In any case in which a business sends any goods, wares, merchandise, or products to a consumer, under a continuous service agreement or automatic renewal of a purchase, without first obtaining the consumer’s affirmative consent as described in Section 17602, the goods, wares, merchandise, or products shall for all purposes be deemed an unconditional gift to the consumer, who may use or dispose of the same in any manner he or she sees fit without any obligation whatsoever on the consumer’s part to the business, including, but not limited to, bearing the cost of, or responsibility for, shipping any goods, wares, merchandise, or products to the business.

(Bus. & Prof. Code, § 17603.)

In connection with the demurrer to the Complaint, the Court stated that Section 17603 refers to “goods, wares, merchandise, or products” and does not include “services.” The Court found, therefore, that this section only applies to tangible goods or products and that it does not apply to Google Drive because Google Drive is a “service.”

Plaintiff contends that Google Drive is a tangible product that is subject to Section 17603. Defendant responds that Google Drive is an intangible cloud-based storage service.

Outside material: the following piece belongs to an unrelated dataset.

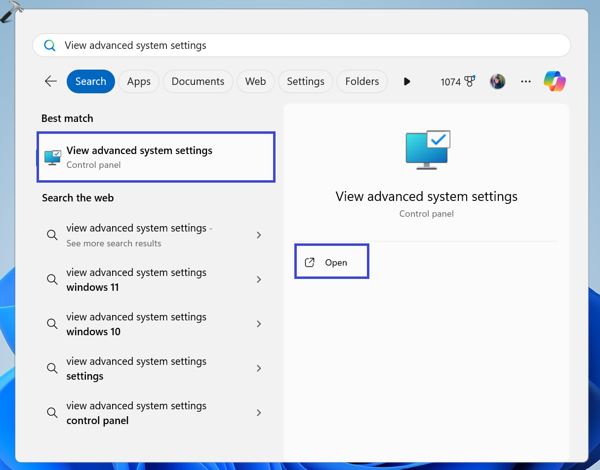 5. Στη συνέχεια, αναζήτηση "Προβολή προηγμένων ρυθμίσεων συστήματος"Στο μενού αναζήτησης. Κάντε κλικ στην επιλογή" Άνοιγμα ".
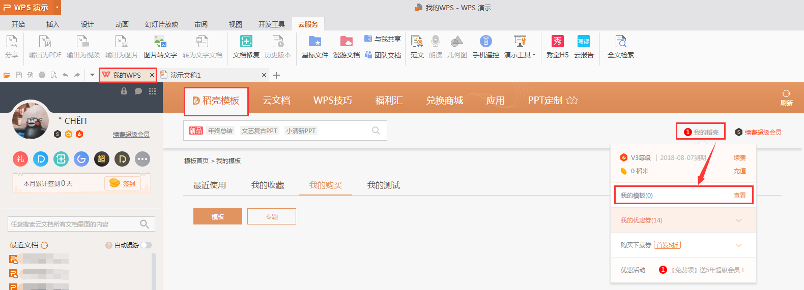 点击打开“我的WPS”界面---“稻壳模板”,点击右上角”我的稻壳“--”我的模板“,在这里即可进行查看

In support of the contention that Google Drive is a product, Plaintiff relies on one of this Court’s orders in a different case – Siciliano v. Apple, Inc., Case No. 1-13-CV-257676, where the Court found that because software works a physical change on a hard drive, it can be considered a product. That order is not binding authority and is therefore not relevant. Moreover, that case concerned the CLRA and it is not apparent that the same definition of product would apply to the ARL for purposes of determining whether something can be deemed an unconditional gift. Lastly, the Siciliano order relied on Haskins v. Symantec Corporation (N.D. Cal. 2013) 2013 WL 6234610. In that case, the software at issue could be purchased either online or on a disc in a store. The court found it would be inequitable to treat the physical disc as a “tangible chattel,” but not the software delivered online, stating: “At least where the same software can be purchased both in a store and online, construing the statute to exempt only the version purchased online would not be a liberal construction consistent with the CLRA’s purposes.” (Id. at *9-10.) In the instant matter, Google Drive is available only online; there is no allegation that it can be purchased on a disc or in some other physical format. Therefore, the cases relied on by Plaintiff for the proposition that Google Drive is a product are inapposite.

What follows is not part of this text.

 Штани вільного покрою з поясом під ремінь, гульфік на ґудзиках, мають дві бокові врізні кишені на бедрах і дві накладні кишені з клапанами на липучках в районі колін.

The plain language of Section 17603 contemplates that a “good” or “product” is something tangible. Section 17603 refers to the consumer’s ability to use or dispose of the good or product and the consumer’s lack of obligation to pay for shipping the good or product back to the business. (Bus. & Prof. Code, § 17603. Google Drive is not a tangible good that can be disposed of or shipped back to Defendant. It is intangible and is a service provided to consumers who pay a subscription fee. (See FAC, ¶ 7.) Consequently, Section 17603 does not apply to make Google Drive an “unconditional gift” and Plaintiff cannot establish that he lost money or property in this manner.

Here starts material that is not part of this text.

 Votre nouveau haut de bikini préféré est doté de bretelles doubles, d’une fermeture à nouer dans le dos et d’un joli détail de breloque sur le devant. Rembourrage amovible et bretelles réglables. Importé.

The Court previously stated in connection with the prior demurrer:

[T]he allegations show that Plaintiff received the service for which he paid. There are no allegations that Plaintiff tried to cancel the service, or even that he did not want the service. If Plaintiff used the service for which he was charged, then it is not apparent how he has lost money or property as a result of any allegedly unlawful conduct by Defendant; Defendant simply charged Plaintiff for a service provided to Plaintiff that Plaintiff used.

(Order After Hearing on February 5, 2016, Exhibit A.)

Plaintiff has added no allegations to cure this defect. Plaintiff also fails to assert that this defect can be cured. Accordingly, Defendant’s demurrer is SUSTAINED WITHOUT LEAVE TO AMEND.